Last week, we featured yoga poses that show some love to the feet. This week, we’re moving up on the leg to the calf.

From charley horses to soreness, tight calves can be a serious hindrance. Frequent exercisers often have overly-developed or shortened calf muscles from running and walking, which can affect stride and lead to injuries in the calves and the ankles.

You can find relief by taking a few minutes to do the following poses before or after each run to open and lengthen the muscles. All of these poses combined take less than 5 minutes to complete, and they are easily done in the grass at the park or on your living room floor — no mat required.
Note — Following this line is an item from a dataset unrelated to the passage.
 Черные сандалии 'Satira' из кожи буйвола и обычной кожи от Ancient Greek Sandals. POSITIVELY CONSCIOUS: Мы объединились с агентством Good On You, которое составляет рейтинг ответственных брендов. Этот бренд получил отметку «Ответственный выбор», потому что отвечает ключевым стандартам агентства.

Play around with which poses feel best for your body and stay as long as you’d like.

Down dog


You’ll find down dog in almost every yoga class. It is a staple for flow classes and great for opening up the shoulders, hamstrings, and calves.

To start, come to your hands and knees. Place hands shoulder width apart pointing straight ahead. Spread your fingers wide and ground down through the knuckles, especially in the thumb and index fingers. Bring your feet hip’s width apart (that’s about the length of two of your fists side by side) and tuck your toes under.
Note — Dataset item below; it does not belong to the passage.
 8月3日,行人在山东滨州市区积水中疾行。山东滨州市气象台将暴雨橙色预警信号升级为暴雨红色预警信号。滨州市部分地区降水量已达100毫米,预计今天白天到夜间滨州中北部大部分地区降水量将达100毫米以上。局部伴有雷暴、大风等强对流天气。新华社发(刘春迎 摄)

Now, begin to straighten through both legs, leaving a slight bend in the knees. Draw your sit bones toward the sky and the heels toward to ground. Take a few breaths to pedal through the feet. Lift one heel, then drop it down, lift the other and drop. Work this pose for up to a minute while allowing the backs of the legs to open and your heels to slowly draw toward the ground. This will feel especially amazing for trail weary calves.

Runner’s lunge


Aptly named, this pose is perfect for runners. It not only targets the calves, but also stretches the hip flexors and groin.

Start in down dog, inhale to lift your left leg up and back while continuing to ground through both hands. Exhale to step the left foot in between your hands with your left knee directly over your left ankle. Come onto the fingertips. Lengthen your right heel toward the ground, lifting the right kneecap to engage the quad of the back leg. Lift your chest and gaze to create a long line of energy from the crown of the head to the back heel. Take 5 long, full breaths. Return to down dog on an inhale then switch sides.

Gate pose

(pictured at the top of the article)

This pose is wonderful for opening not only the legs but also the side body and shoulders.

Come to your knees. Extend the right leg out to the side, heel drawing into the ground, toes pointing toward the sky. Allow the hips points to rotate forward slightly. On an inhale, take hands to a T at shoulder height. Extend your right hand toward the right leg and your left arm up and overhead to side bend to the right. The torso may want to droop downward, work to lift it up and away from the floor. If you feel you can go deeper, take the sole of the right foot to the floor pointing the toes down instead of to the sky. Breathe here for 5 breaths. Bring the right leg in and change sides.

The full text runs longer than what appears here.